Since this patch extends number of cases when uncloned dies are created, it is worth to add following check:

void CompileUnit::fixupForwardReferences() {
  for (const auto &Ref : ForwardDIEReferences) {
    DIE *RefDie;
    const CompileUnit *RefUnit;
    PatchLocation Attr;
    DeclContext *Ctxt;
    std::tie(RefDie, RefUnit, Ctxt, Attr) = Ref;
    if (Ctxt && Ctxt->hasCanonicalDIE()) {
      assert(Ctxt->getCanonicalDIEOffset() &&
             "Canonical die offset is not set");
      Attr.set(Ctxt->getCanonicalDIEOffset());
    } else {
      assert(RefDie->getOffset() && "Referenced die offset is not set");    <<<<<<<<<<<<<<<<<<<<
      Attr.set(RefDie->getOffset() + RefUnit->getStartOffset());
    }
  }
}
JDevlieghere added a comment.EditedDec 16 2022, 11:25 AM

Looks like I have a test case for this problem:

That's awesome, thank you for spending time on that!

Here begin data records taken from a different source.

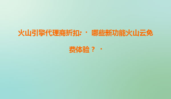 2025-07-16火山引擎代理商折扣:哪些新功能火山云免费体验? 一、火山云的核心优势与免费体验功能 火山引擎作为字节跳动旗下的云服务平台,凭借强大的技术积累和资源整合能力,为企业用户提供高性...
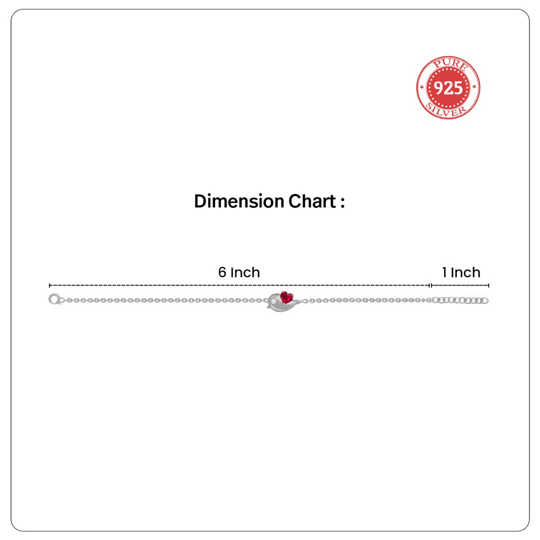 This elegant bracelet features a delicate lovebird inspired motif in polished 92.5 silver, cradling a deep red heart-shaped stone symbolizing affection and enduring bonds. The sleek silhouette and subtle detailing give it a refined, poetic charm, making it a graceful expression of love and companionship.
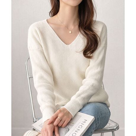 すっきりとしたVネックデザインが印象的なニットトップス。
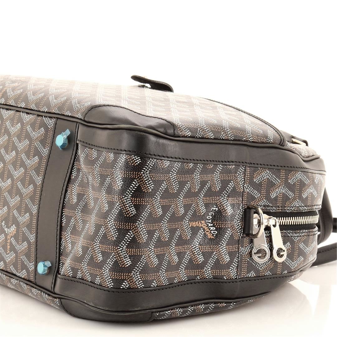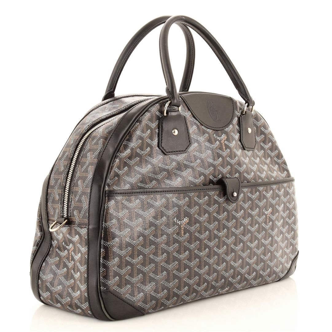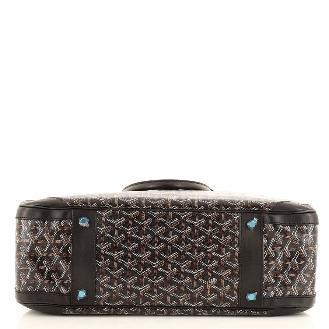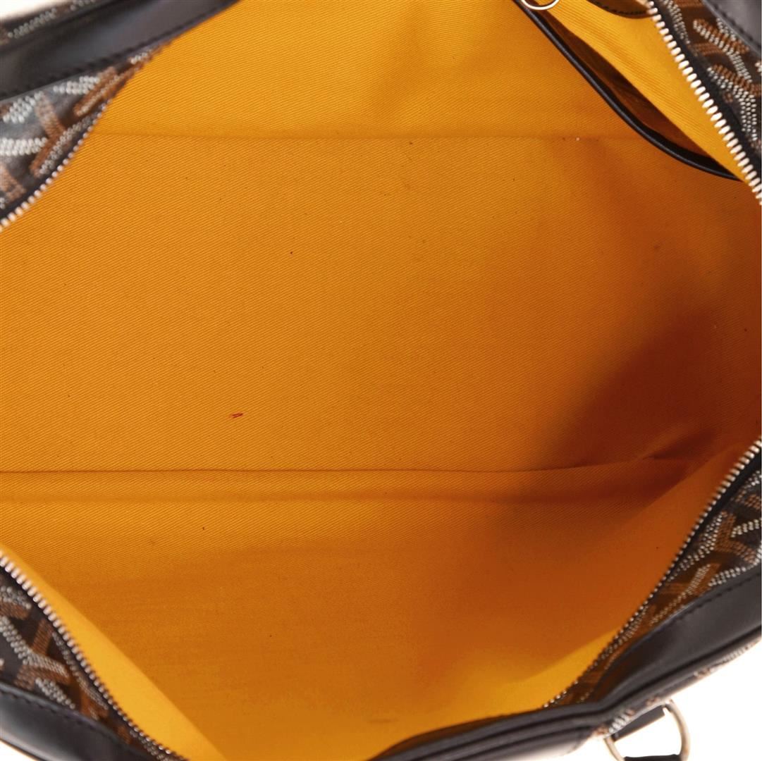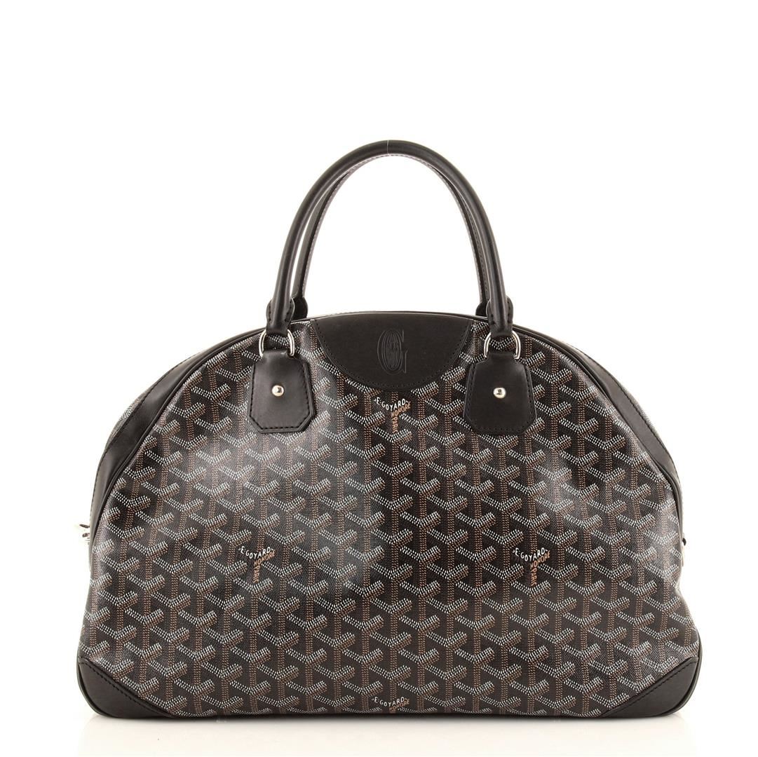 Goyard St. Jeanne GM Bowler Bag features the classic black Goyard Chevron pattern and a roomy interior, double rolled leather handles, yellow fine textile lining, silver-tone hardware, one zip pocket and one flat pocket, double zip closure.
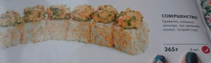 у меня есть фото меню, может,я ,конечно. слепая, но крабовых палочек я не вижу
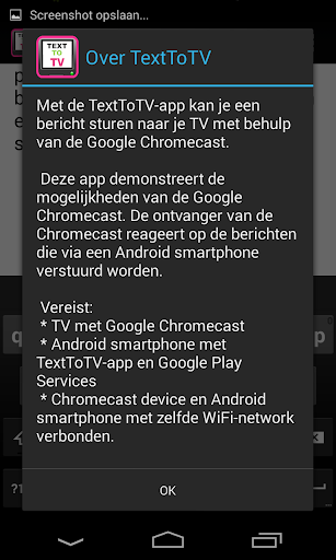 The TextToTV-app let's you text a message to the TV using Google Chromecast. Say Hello to your TV with this simple app! You can fill in a message in the textfield and send this to TV by using the button.
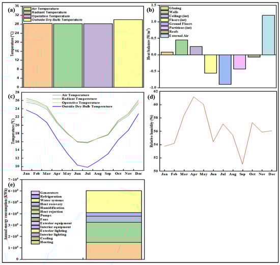 The analysis presented in Figure 3a for the monthly average temperature from 2018 to 2023 [44] indicates that the maximum temperature observed was above 28 °C, while the minimum temperature was 18 °C, with no significant difference among these five years despite variations in monthly temperatures over this period. However, climate change is causing elevated temperatures and prolonged dry seasons, which in turn is increasing the demand for energy-intensive cooling systems. Therefore, buildings must be designed to support both warm and cold climates, necessitating features that improve thermal comfort while reducing energy usage [99].

I'll add the assert you suggested to this patch. Do you want to commit the test yourself or can I include it in my commit (I don't want to take credit for your hard work, but also don't want to give you more work :-)

avl added a comment.Dec 16 2022, 11:32 AM

I'll add the assert you suggested to this patch. Do you want to commit the test yourself or can I include it in my commit (I don't want to take credit for your hard work, but also don't want to give you more work :-)

thank you for asking, include it to your commit please.

This revision was automatically updated to reflect the committed changes.